It also doesn't mean that the client will be better off with a different therapist because these feelings will only lead to pain and hurt. Actually, quite the contrary. How should somebody learn to deal with transference issues if as soon as it happens, they are kicked out? For me personally, this would make everything worse.

I'll talk about my own experience: for 25 years, I went through the same cycle over and over again. First, I got overwhelmed by emotions and at some point couldn't deal with them anymore. Then, I reached out to people: friends, teachers, people on the internet... and most of them tried to calm me down, but that only works for so long. But I'd need them to be there again and again, my emotional issues would get worse, because I realized that if I was doing really badly, these people would continue to be there for me. Then, I fell in love with a lot of the people who tried to help me, usually because boundaries got way too blurred, due to the whole situation being rather inappropriate. And then at some point they couldn't deal with me anymore, dropped me and I was hurt. This went so far that after some time, I'd already expect people to abandon me way before it was in their head. I was comforted by someone, that means they will leave me. Which lead me to freak out more, be even more suicidal, need even more support. Which in the end leads to them really abandoning me of course.

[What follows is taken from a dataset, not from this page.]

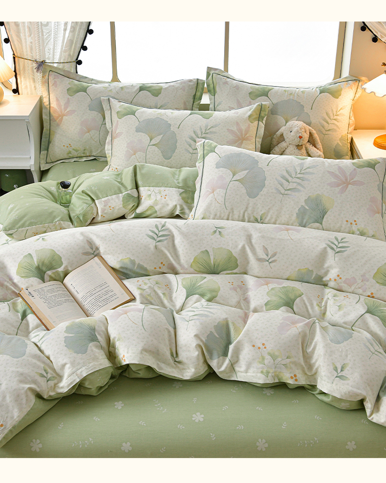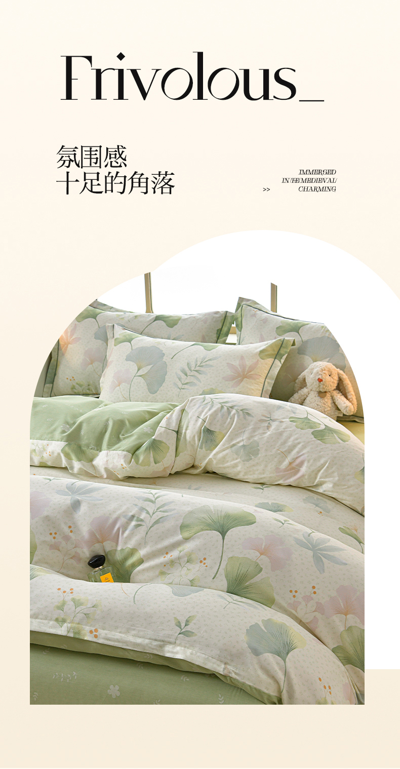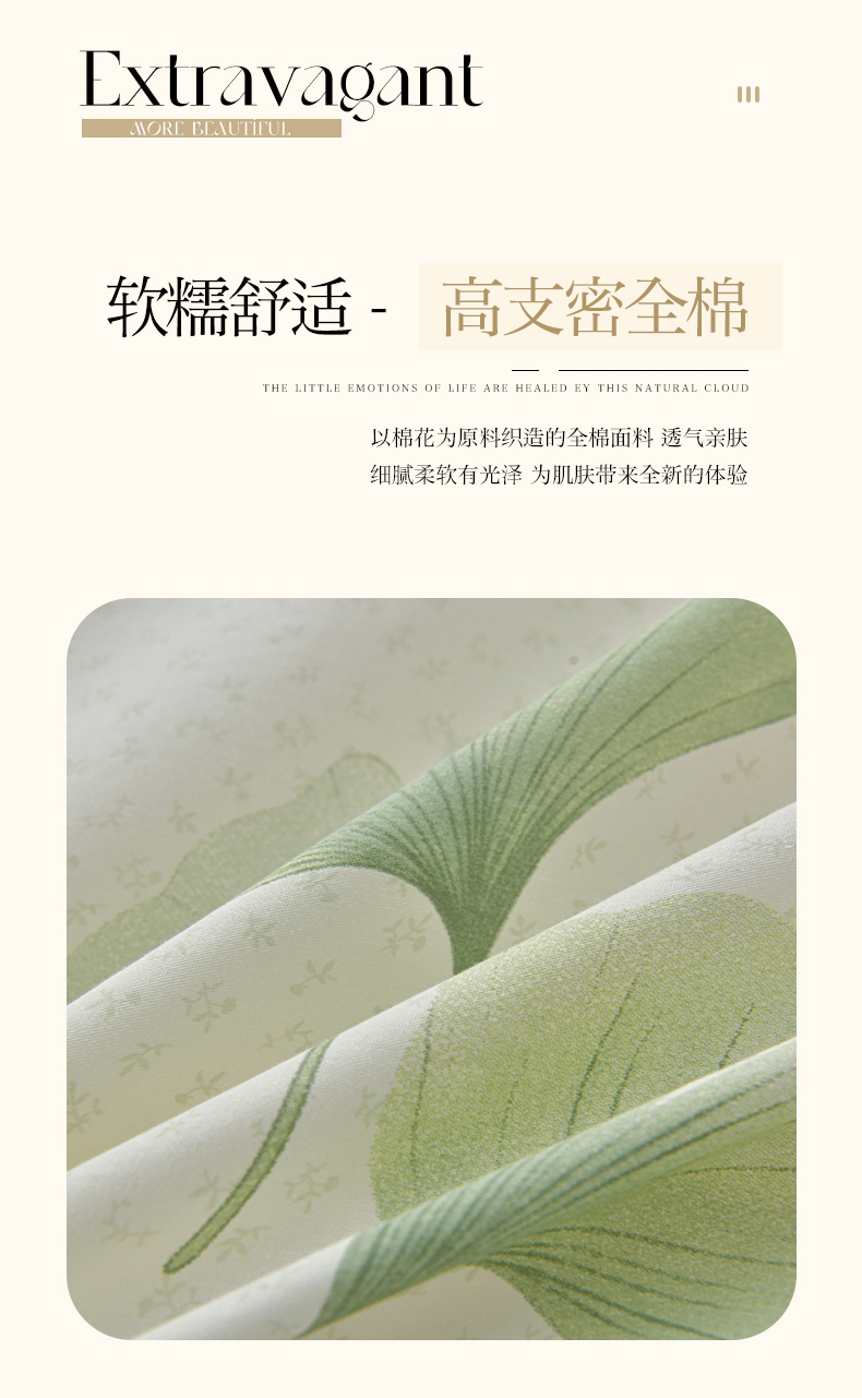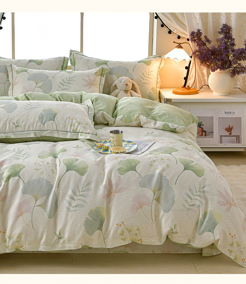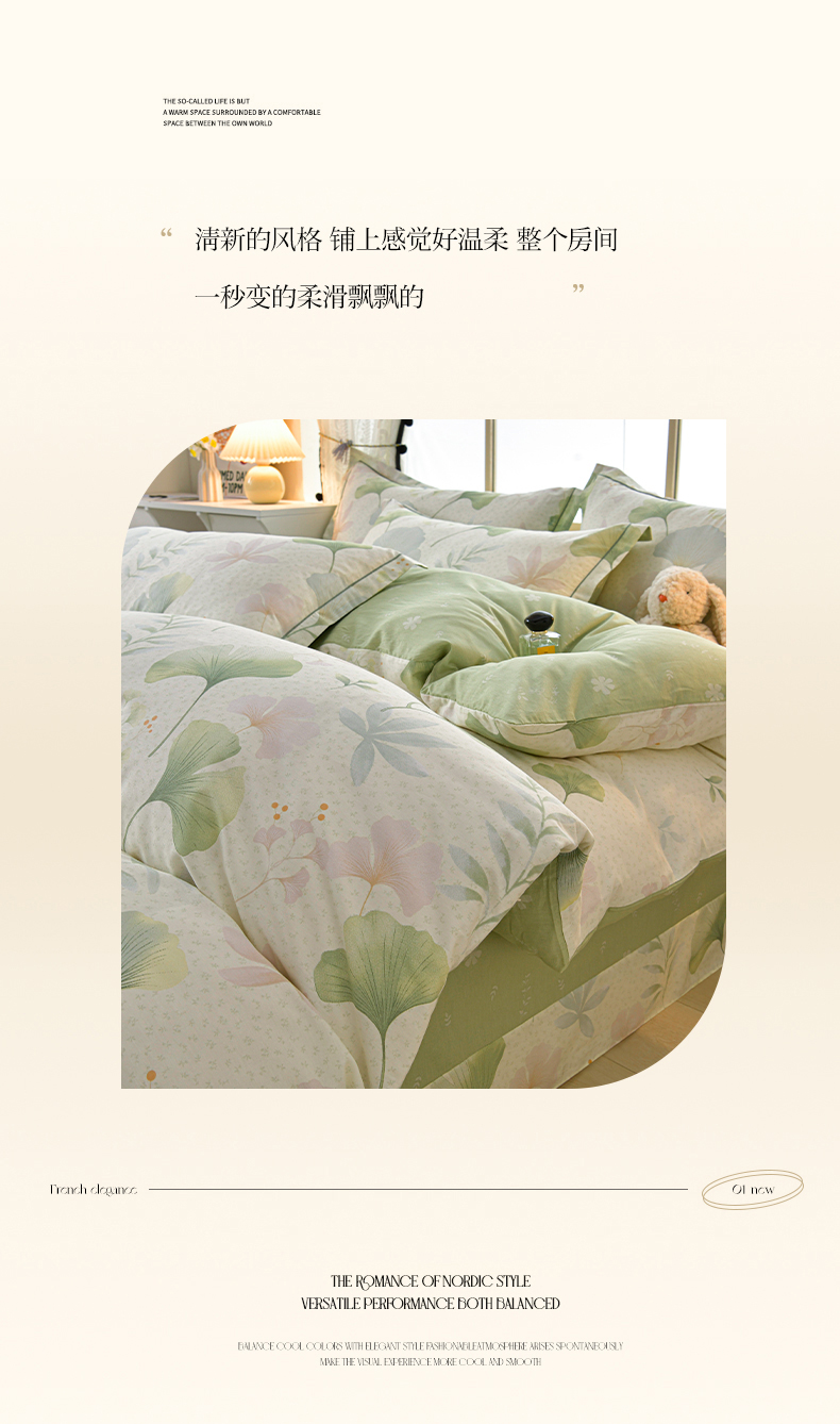 商品名称:绘萱家居 2026直播爆款一字绣吊边款纯棉100%全棉四件套印花百分百(喷气高品质) 银杏疏影

Now, how should I ever get over this if I can't go to my therapist and when I start getting attached say "hey, I've experienced this many times before, I absolutely know you're going to leave me any second now"? Therapy is to some extend comforting, so I will experience these feelings. If in that situation I can't talk to my therapist about it without immediately being dropped, then how should I ever be able to heal? And if it happens and I develop a crush on my T, then how should I learn that maybe having a crush on every single person that is a bit comforting is not the smartest move? Or how to deal with rejection and all the negative emotions attached to it? Even if it's romantic transference, it's just feelings. Nothing inappropriate is happening, it's two adults talking about the fact that there's some erotic feelings and how to deal with that.

As long as the emotions are not acted out, it's okay for a client to experience transference, of whatever sort, and so is it for the therapist. It might indicate that there's something in their past which maybe they should talk about with somebody else. But take again me as an example, while I will probably always feel like people might abandon me, at least I have now learned that this is just in my head and that I don't need to voice this concern immediately. And if I was a therapist, then I'd not talk to my client about how I'm scared they might not come back, even if they trigger that feeling in me. And either I as a therapist could deal with these feelings myself, or if not or if I didn't know where the feelings come from, *then* it might be a good idea to start my own therapy. But that still doesn't mean there needs to be termination. Termination would only be necessary if the therapist felt that he could not perform his role anymore and couldn't maintain his boundaries. Which would be a much larger issue, but it's not something that is inherit to transference.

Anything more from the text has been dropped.